Democrats now say they have too many Democrats running

It took them a little longer than other observers to catch on. But Democrats have decided they have too many presidential candidates running for the White House this time. Way too many.


Twenty-four at last count.

If you want, you can see 20 of them on-stage for two solid hours each Wednesday and Thursday evenings.

Unseen those nights are four other wannabe Democrat presidents — a 20 percent larger field — who didn’t qualify for these events, according to the Democratic National Committee’s low bar for admission.

President Trump and the Republican National Committee, of course, are delighted. The more Democrats fighting and the longer they fight, the shorter time it leaves for that party to unite next year behind the final pick.

So, the merrier it would be for the GOP, which has one realistic candidate to focus on and raise money for from Day One.

There is a converse view, of course, that a large, diverse field competing will produce the best candidate. You can judge the diversity of views yourself on NBC starting tomorrow.

Ask Republicans about large fields; they had 17 in 2016, which guaranteed none would obtain majority support in the primaries. So, it’s quite possible Democrats too will select an unlikely nominee to run against the unlikely 2016 GOP nominee.

For the moment, Democrats are focused on offering more freebies to primary voters, despite wide agreement that their real goal is ousting Trump.

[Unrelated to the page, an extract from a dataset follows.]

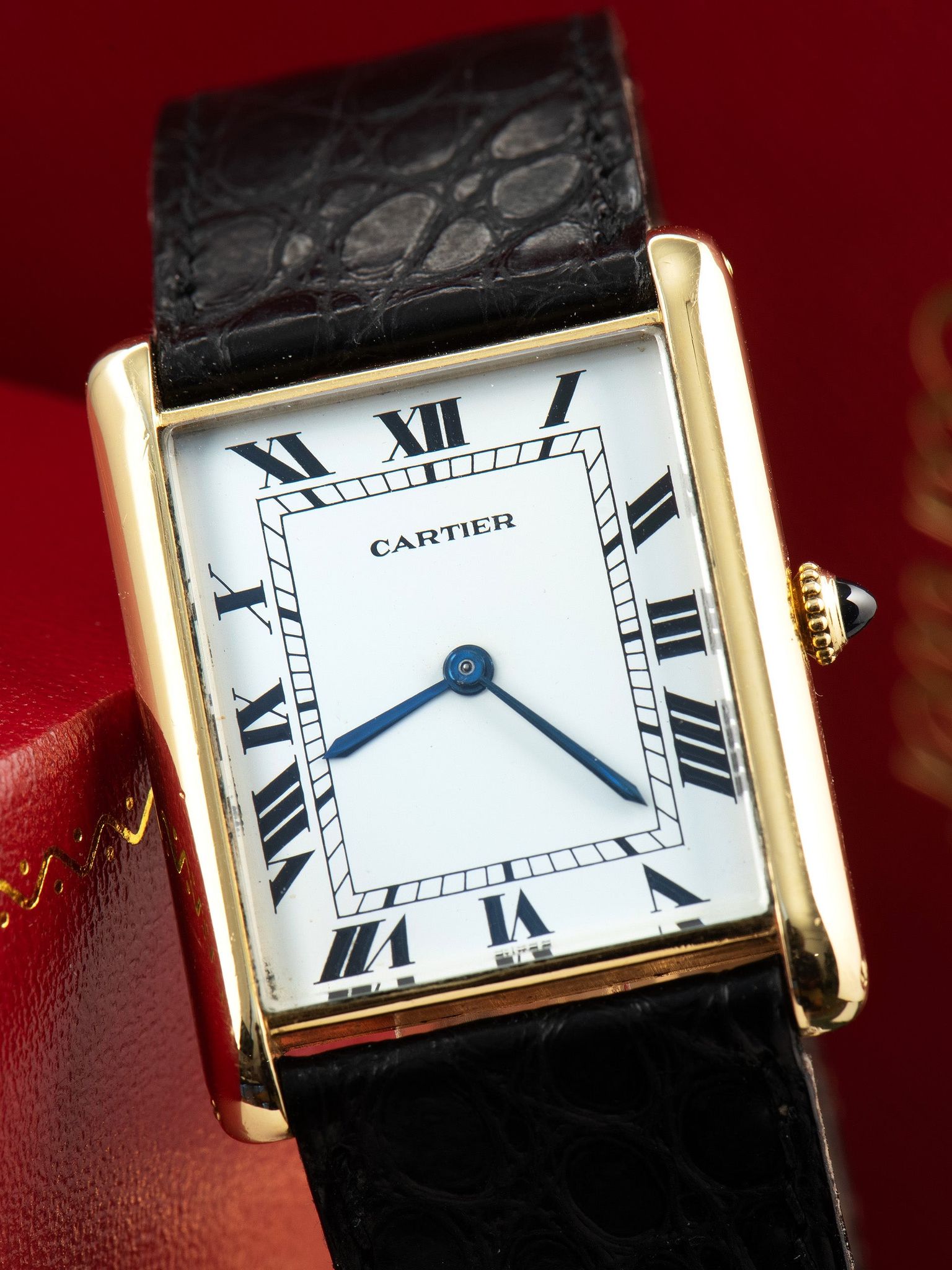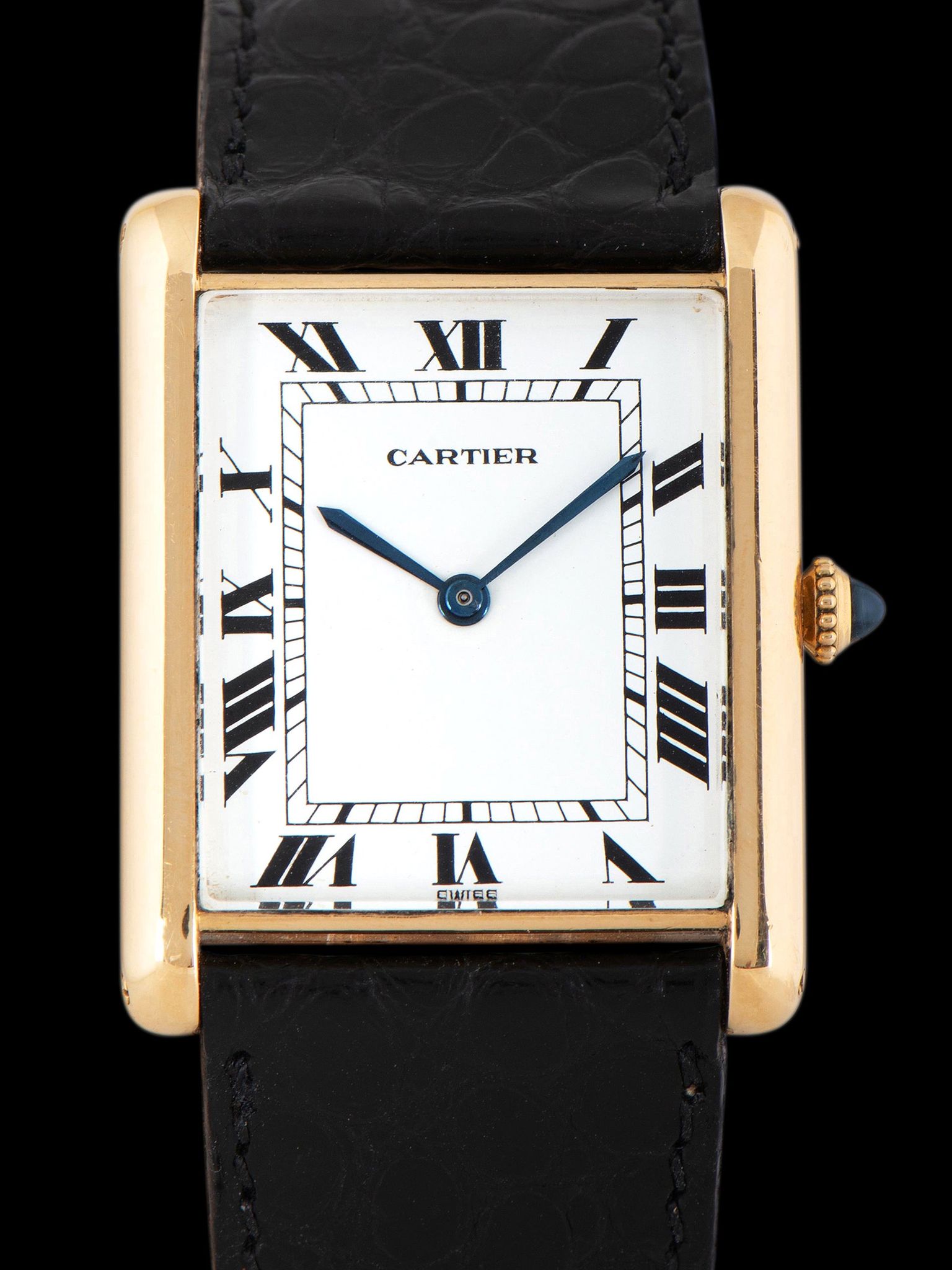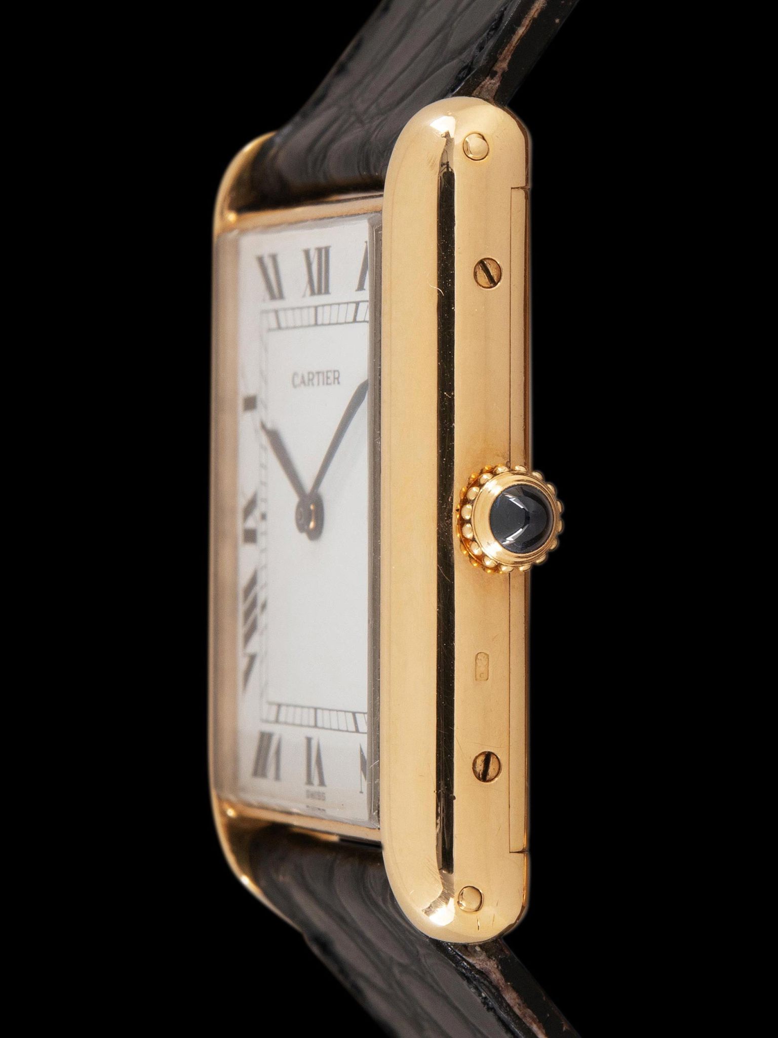 The excellent and elegant 18K yellow gold "Jumbo XL" Tank case retains strong dimensions with the original hallmarks present. The crystal is a flat glass replacement which is common to see in early Carter Tanks. The case retains its original and classic blue sapphire cabochon crown. The back of the case exhibits light signs of previous polishing and showcases the "movement bubble" with the original factory markings and engravings remaining intact. The watch comes supplied on a 2pc Cartier black crocodile leather strap that will fit a 7-inch wrist and comes with the original 18K gold Cartier deployant buckle.

The newest Hill-HarrisX survey found nearly three-quarters of Democrats and Democrat-leaners agree there are too many presidential candidates. Eighty-eight percent of voters over 50 concurred. Sixteen percent said the field was like Goldilocks’ porridge, just about right.

Twelve percent, quite possibly smoking something, said the party needs more candidates.


A Des Moines Register poll in early June found 79 percent of likely caucus-goers wanted some candidates to drop out. So far, the collective answer has been, “You first.”

This week’s debates are crucial for much of the field. Although each individual’s time on-camera will be short, it will give them valuable national exposure and a priceless opportunity to plug their website to millions of viewers.

The second quarter of fundraising ends this weekend. So, time is short to stay in the running as media judge political support now by millions of dollar$.

After being accused of putting its thumb on the scale to favor Hillary Clinton last time, the DNC set low levels of qualification this time. But the criteria tightens for the third and fourth sets of debates come September and October.

Then, every debate participant must have at least two percent support in at least four polls (twice the current level).

And they must certify their campaigns got donations from a minimum 130,000 individuals and a minimum 400 individual donors in at least 20 states. That’s twice the current number of total donors.

Of course, none of this prohibits candidates from continuing to campaign. It just cuts off their national TV exposure, which will choke off money.